▶ [Task prompt]
Your task is to copy the listing exactly, with the pictures left out.

▶ [Recorded data]

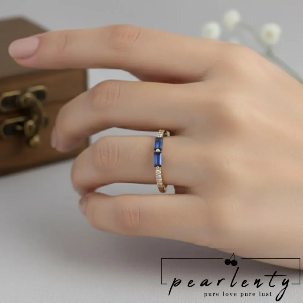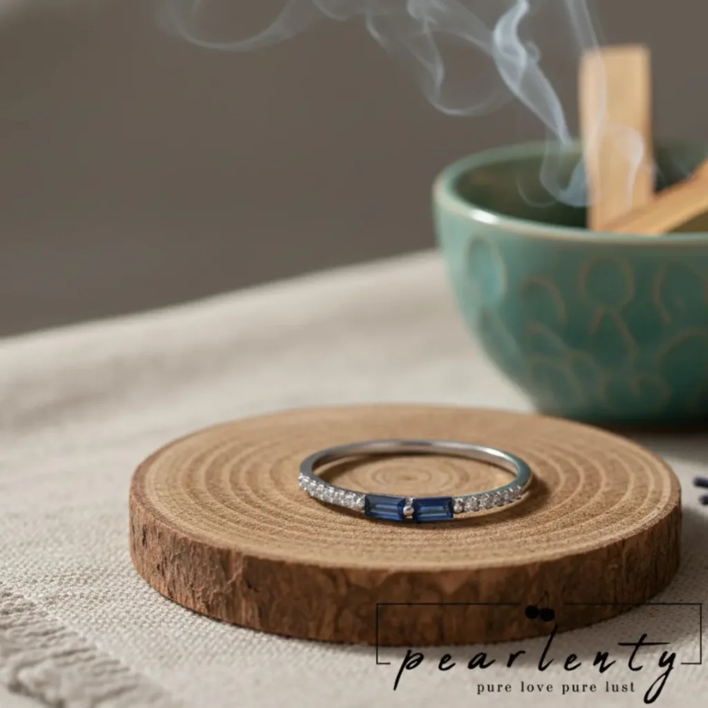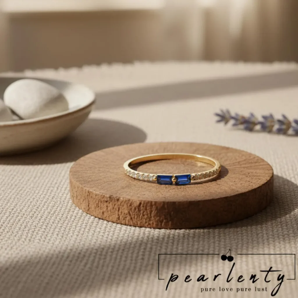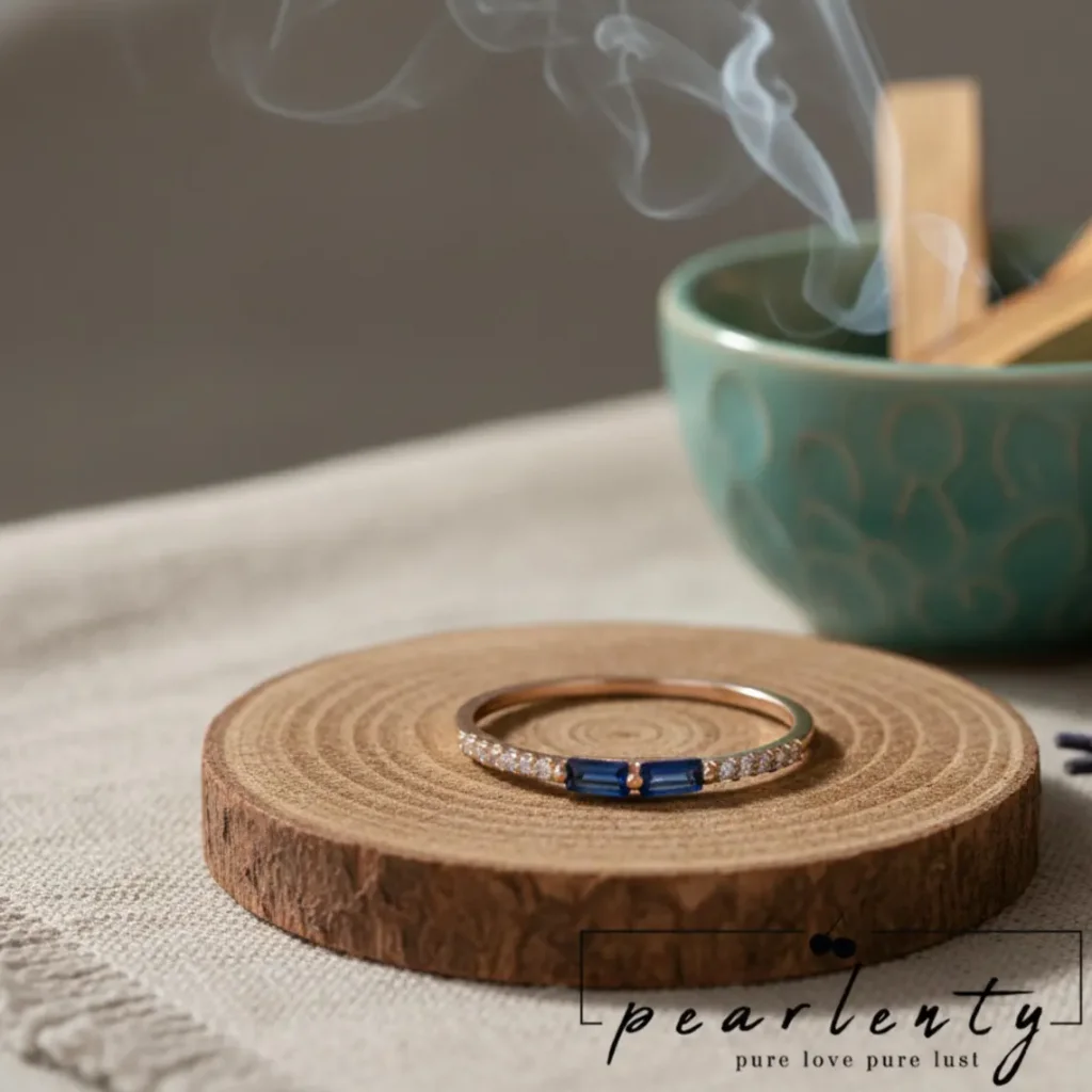 Gece Yarısı Zarafetinin Işıltısı Bu zarif baget safir yüzük, zamansız zarafeti ve sade güzelliği bir araya getiriyor. Ortasında iki adet sivriltilmiş mavi baget taş ve bant boyunca parıldayan pavé pırlantalarla çerçevelenmiş bu yüzük, her dokunuşu parlatmak için tasarlanmış bir parça. Söz yüzüğü, minimalist nişan yüzüğü veya özel birine anlamlı bir hediye olarak mükemmel.
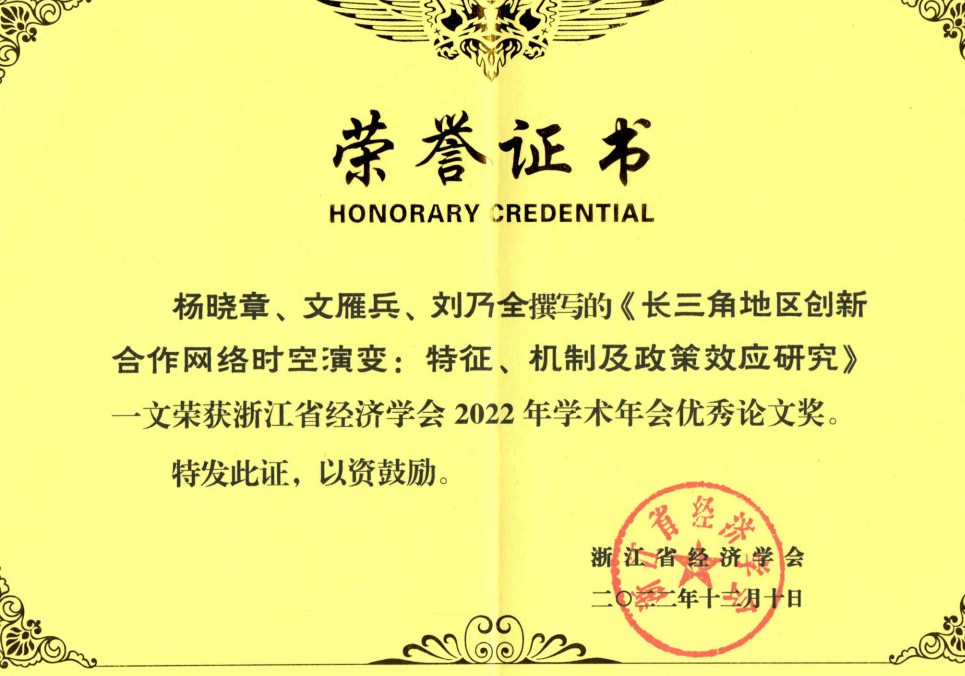 本次学术年会共征集近百篇高质量论文,其中48篇论文入选线上分论坛交流。经本届年会组委会专家严格评审,黑料不打烊 杨晓章博士递交的学术论文《长三角地区创新合作网络时空演变:特征、机制及政策效应研究》荣获浙江省经济学会2022年学术年会优秀论文奖。
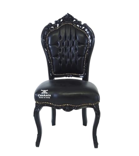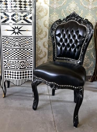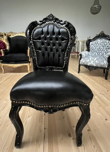 Plaats de eerste recensie voor “Accent Chair French Louis Baroque stijl eetkamerstoel in zwart lederachtig voor thuisdecoratie”
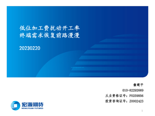 【宏源期货】【20230220】低位加工费扰动开工率,终端需求恢复前路漫漫-27页 行业研究
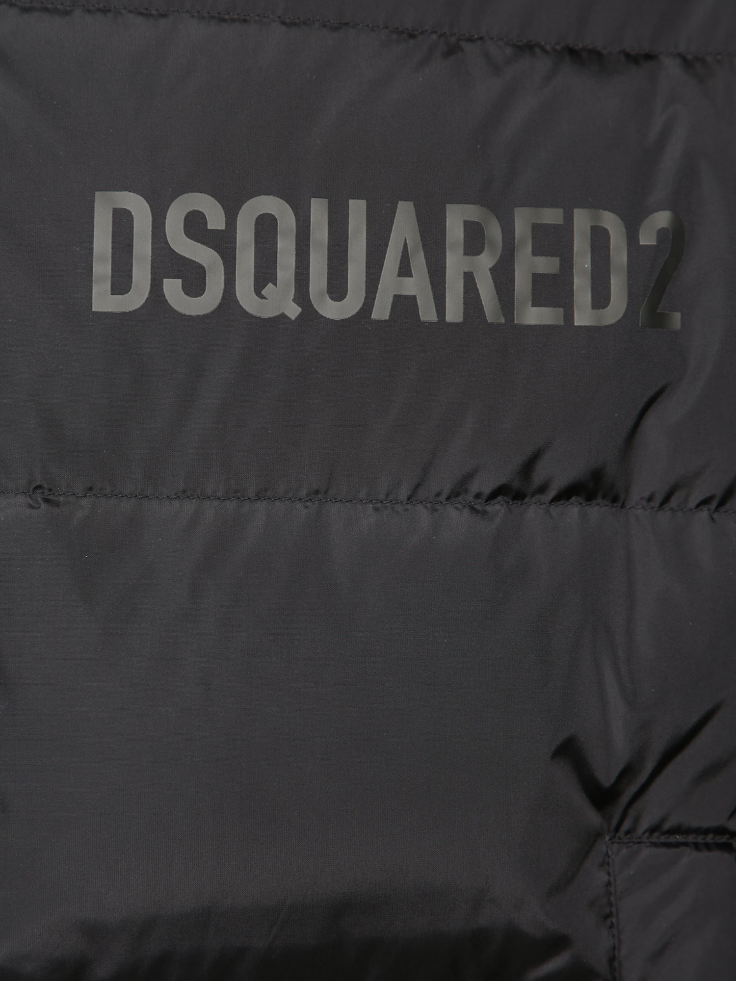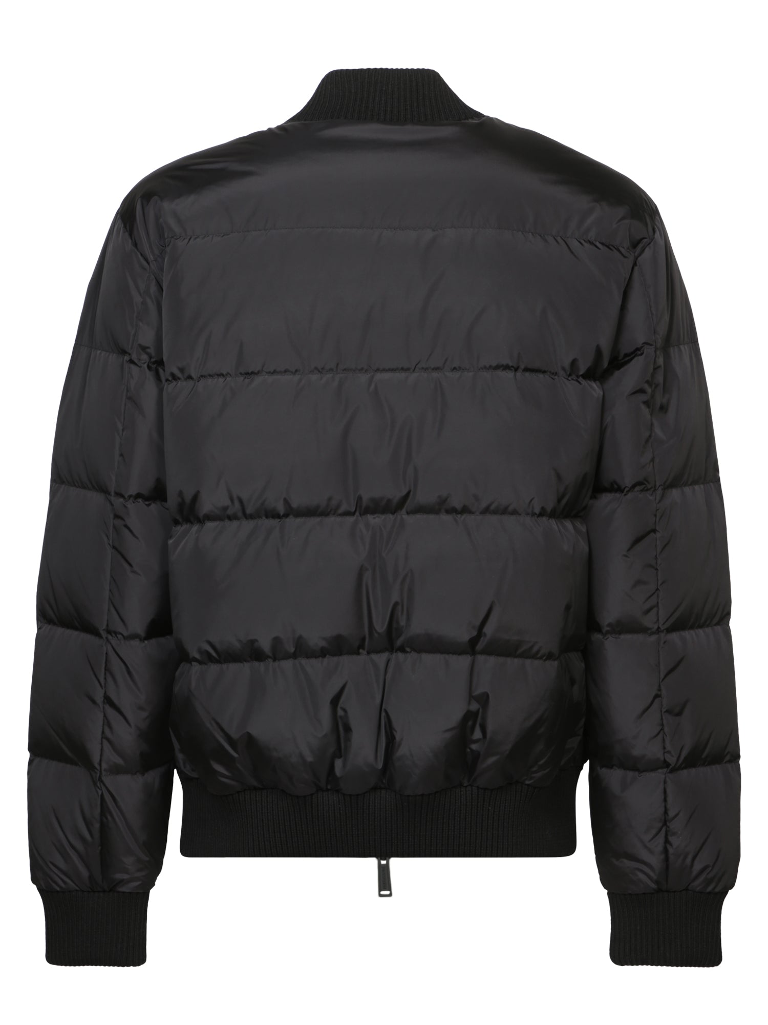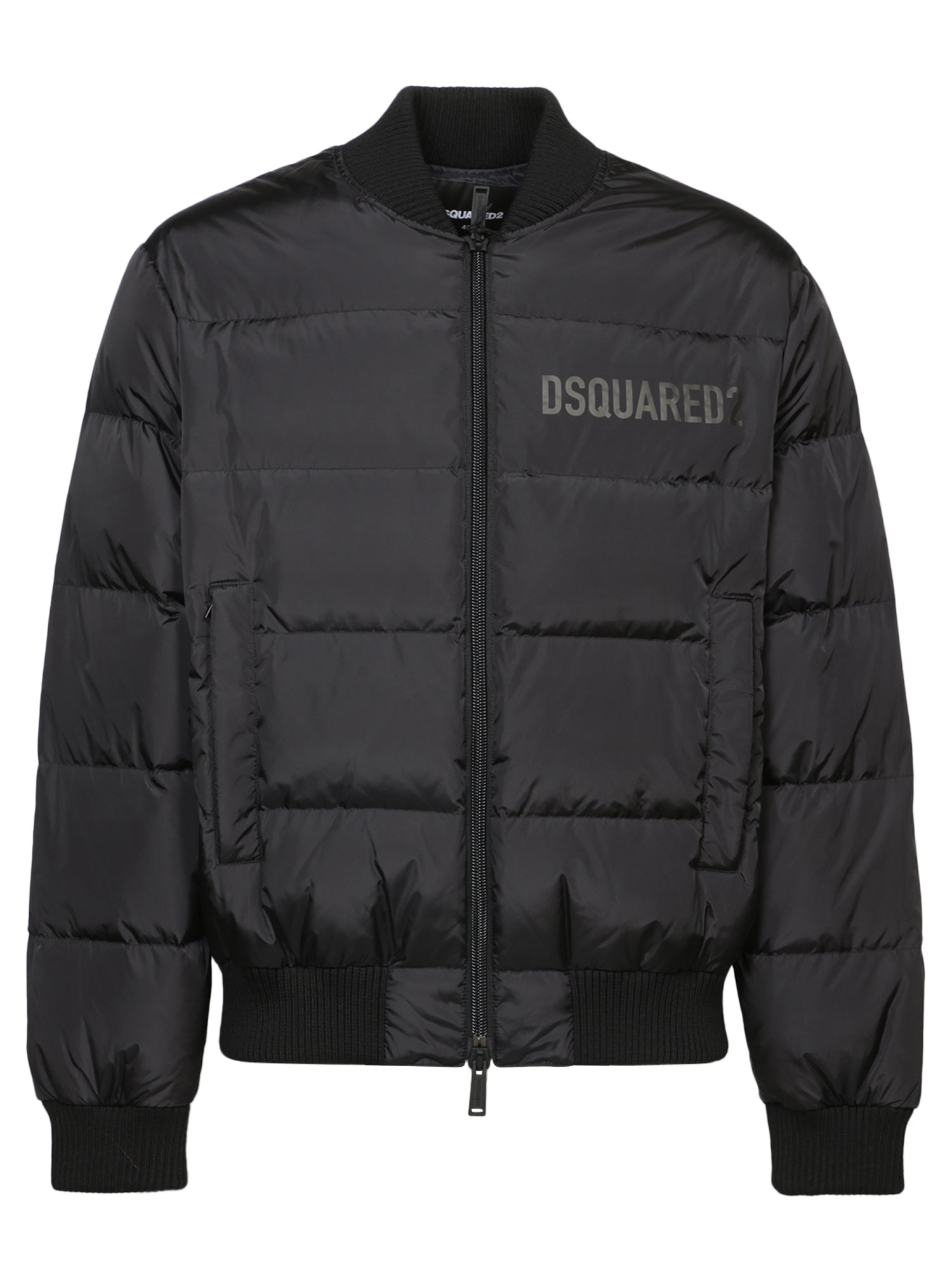 Black quilted bomber jacket with Dsquared2 logo on the front. Rib-knit cuffs, collar, and hem. Front zip closure.

▶ [Response area]
 Gece Yarısı Zarafetinin Işıltısı Bu zarif baget safir yüzük, zamansız zarafeti ve sade güzelliği bir araya getiriyor. Ortasında iki adet sivriltilmiş mavi baget taş ve bant boyunca parıldayan pavé pırlantalarla çerçevelenmiş bu yüzük, her dokunuşu parlatmak için tasarlanmış bir parça. Söz yüzüğü, minimalist nişan yüzüğü veya özel birine anlamlı bir hediye olarak mükemmel.
 本次学术年会共征集近百篇高质量论文,其中48篇论文入选线上分论坛交流。经本届年会组委会专家严格评审,黑料不打烊 杨晓章博士递交的学术论文《长三角地区创新合作网络时空演变:特征、机制及政策效应研究》荣获浙江省经济学会2022年学术年会优秀论文奖。
 Plaats de eerste recensie voor “Accent Chair French Louis Baroque stijl eetkamerstoel in zwart lederachtig voor thuisdecoratie”
 【宏源期货】【20230220】低位加工费扰动开工率,终端需求恢复前路漫漫-27页 行业研究
 Black quilted bomber jacket with Dsquared2 logo on the front. Rib-knit cuffs, collar, and hem. Front zip closure.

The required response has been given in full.